Shipka lecture focuses on global religious violence

Mark Juergensmeyer, distinguished professor of Global Studies at the University of California

“The Global Rise of Religious Violence” is the topic of a lecture by Mark Juergensmeyer, distinguished professor of Global Studies at the University of California, Santa Barbara, 12:30 p.m. Thursday, March 28, in the Chestnut Room of Kilcawley Center at Youngstown State University.

The free talk is part of the Dr. Thomas and Albert Shipka Speaker Series at YSU.

The lecture will analyze the rise of religious extremism around the world, from Christian militia in the United States and Europe and Jewish nationalists in Israel to Muslim terrorists related to ISIS and al Qaeda and Buddhist militants in Southeast Asia. The talk will explore why these movements are happening now on a global scale, and what religion has to do with it.

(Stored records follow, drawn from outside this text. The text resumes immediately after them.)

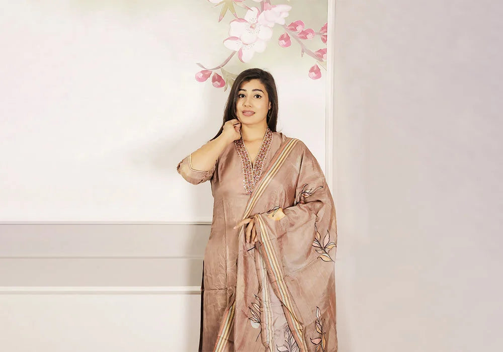 Embrace timeless elegance with our Blush Mocha Elegance Embroidered Luxe Suit Set — a graceful blend of soft sophistication and ethnic artistry. Tailored from a silky-smooth fabric in a muted mocha hue, this ensemble speaks volumes through its intricate embroidered neckline and delicate floral motifs that bring a modern femininity to traditional design. The straight-cut kurta offers a flattering silhouette, enhanced by the fine sheen and comfortable drape of the material.
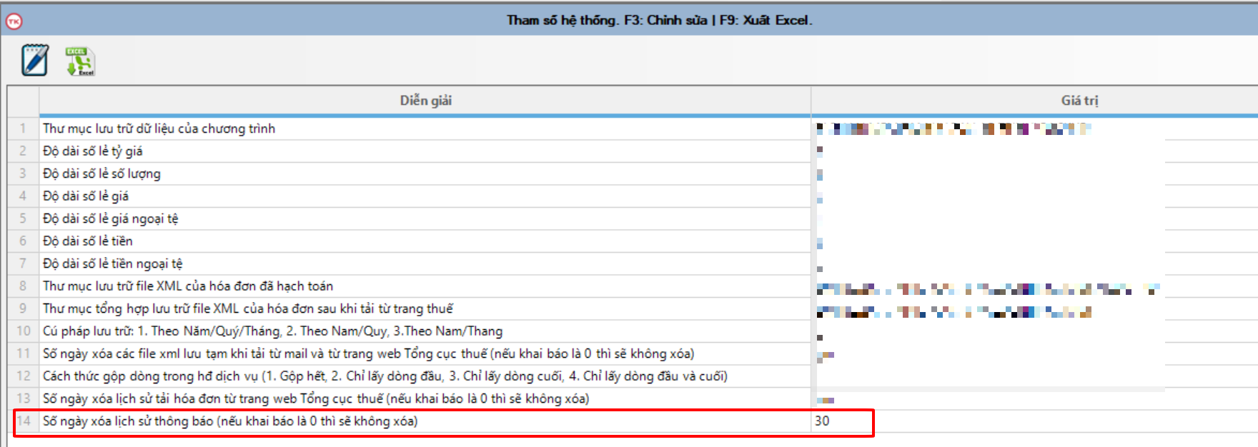 Cho phép khai báo số ngày lưu lại nhật ký thông báo
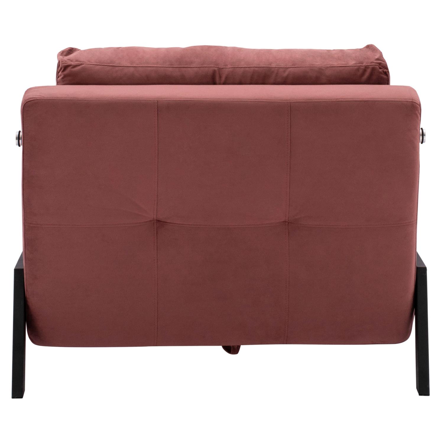 The CONSTANCE armchair-bed is the epitome of practicality and beautiful style. It rests on metallic black legs, while its entire lining has been made with DUSTY PINK velvet fabric, thus creating a beautiful two-tone coloring. The element that makes it stand out is that with a simple move it can be turned into a bed offering a quality solution for unexpected overnight stays, or even as a second bed in homes with limited space.
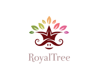該標志是一個女孩的臉與一顆彩色樹葉的大樹融合在一起。

Juergensmeyer is the founding director of the Global and International Studies Program and the Orfalea Center for Global and International Studies at UC Santa Barbara. He has published more than 200 articles and 20 books, including the widely widely-read Terror in the Mind of God: The Global Rise of Religious Violence. He has received research fellowships from the Wilson Center in Washington D.C., the Harry Frank Guggenheim Foundation, the U.S. Institute of Peace, and the American Council of Learned Societies. He is the recipient of the Grawemeyer Award for contributions to the study of religion, and was awarded the Silver Award of the Queen Sofia Center for the Study of Violence in Spain. He was elected president of the American Academy of Religion, and chaired the working group on Religion and International Affairs for the national Social Science Research Council. He serves as the general editor of the Oxford University Press handbooks of religion online, and his commentary on contemporary issues of global religion and politics appear on the BBC, CNN and NPR.